2. The microfilter of claim 1, wherein the material of the non-epoxy based microfilm is a transparent plastic material.

3. The microfilter of claim 2, wherein the transparent plastic material comprises polyimide, polycarbonate, polyethylene, polyethylene terephthalate, polyethylene naphthalate, polymethyl methacrylate and polystyrene.

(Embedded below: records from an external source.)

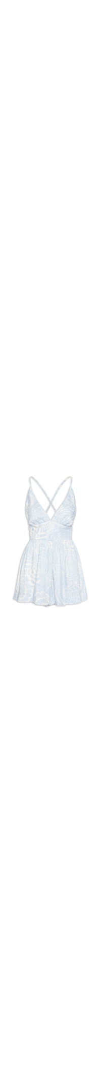 O macaquinho azul é confeccionado em tecido leve sem elasticidade. A peça solta ao corpo possui decote V, alças finas ajustáveis, recorte na altura da cintura, alças cruzadas na parte posterior, recorte em lastex na parte posterior, estampa figurativa em cor contrastante, comprimento curto e fechamento posterior por amarração e zíper.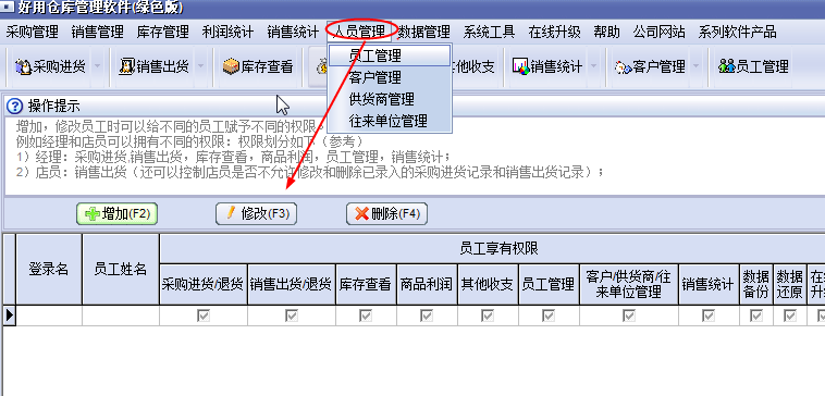 7.如果不知道怎么人员给怎么管理算方便?可以点开【人员管理】,【员工管理】来了解情况。想要修改和增加,可以点击【增加】,【修改】。其余的也是类似。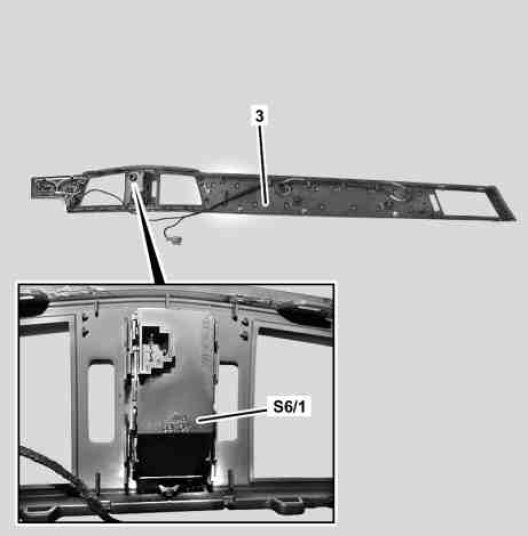 12 Unclip instrument panel switch group (S6/1) and remove passenger side trim part (3)

4. The microfilter of claim 1, wherein the surface of the non-epoxy based microfilm further comprises a thin film to facilitate filtration function.

5. The microfilter of claim 1, wherein the microholes are circular microholes.

6. The microfilter of claim 5, wherein the mean diameter of each of the microholes is less than or equal to 10 μm.

7. The microfilter of claim 1, wherein the microholes are rectangular microholes or hexagonal microholes.

8. The microfilter of claim 1, wherein the microholes have cylindrical walls feeding through the non-epoxy based microfilm.

9. The microfilter of claim 1, wherein the microholes have tapered walls feeding through the non-epoxy based microfilm.

10. The microfilm of claim 1, wherein the thickness of the non-epoxy based microfilm ranges from 5 to 25 μm.

11. The microfilter of claim 1, wherein the number of the microholes in the non-epoxy based microfilm is more than 50,000.

12. The microfilter of claim 1, wherein the distance between two adjacent microholes is at least 15 μm.

13. The microfilter of claim 1, wherein the number of the patterned predetermined sections on the surface of the non-epoxy based microfilm is 16 sections.

14. A method for fabricating a microfilter, comprising the following steps of: using laser ablation in a non-epoxy based microfilm to form microholes in a predetermined pattern; and patterning the surface of the non-epoxy based microfilm into predetermined sections.

15. The method of claim 14, wherein the material of the non-epoxy based microfilm is a transparent plastic material.

16. A method of claim 14, wherein the laser is a UV laser.

17. The method of claim 14, wherein the non-epoxy based microfilm is exposed and perforated by the UV laser.

18. The method of claim 14, wherein the number of the patterned predetermined sections on the surface of the non-epoxy based microfilm is 16 sections.

19. A microfiltration unit, comprising: an upper frame, including an inlet orifice on the top side, an upper side wall, and a side module which includes a flexible stripe with one end thereof connected with and extended from the lower part of the upper side wall of the upper frame, and a transforming inlet head connected with the other end of the flexible stripe and having one end to be engaged with the top side of the upper frame and the other end to be connected to a sample inlet orifice of an external sample inlet syringe; and a lower frame, including an outlet orifice and a lower cylindrical side wall, wherein the upper frame and the lower frame are connected with each other through screw coupling, a perforated non-epoxy based microfilter is sandwiched between the upper frame and the lower frame, and the transforming inlet head is replaceable with a different inlet head so as to correspondingly engage with the external sample inlet syringe having a different sample inlet orifice, thereby providing a linear passage of the sample injected from the external sample inlet syringe and flowing through the inlet orifice of the upper frame to the outlet orifice of the lower frame.

20. The microfiltration unit of claim 19, wherein the upper side wall and the side module, including the flexible stripe and the transforming inlet head, are integrated into one piece.

21. The microfiltration unit of claim 19, wherein the flexible stripe is removably engaged with the lower part of the upper side wall or removably engaged with the transforming inlet head.

22. The microfiltration unit of claim 19, wherein the side module of the upper frame is allowed to adjust the sample inlet orifice from a wider opening to a narrower opening.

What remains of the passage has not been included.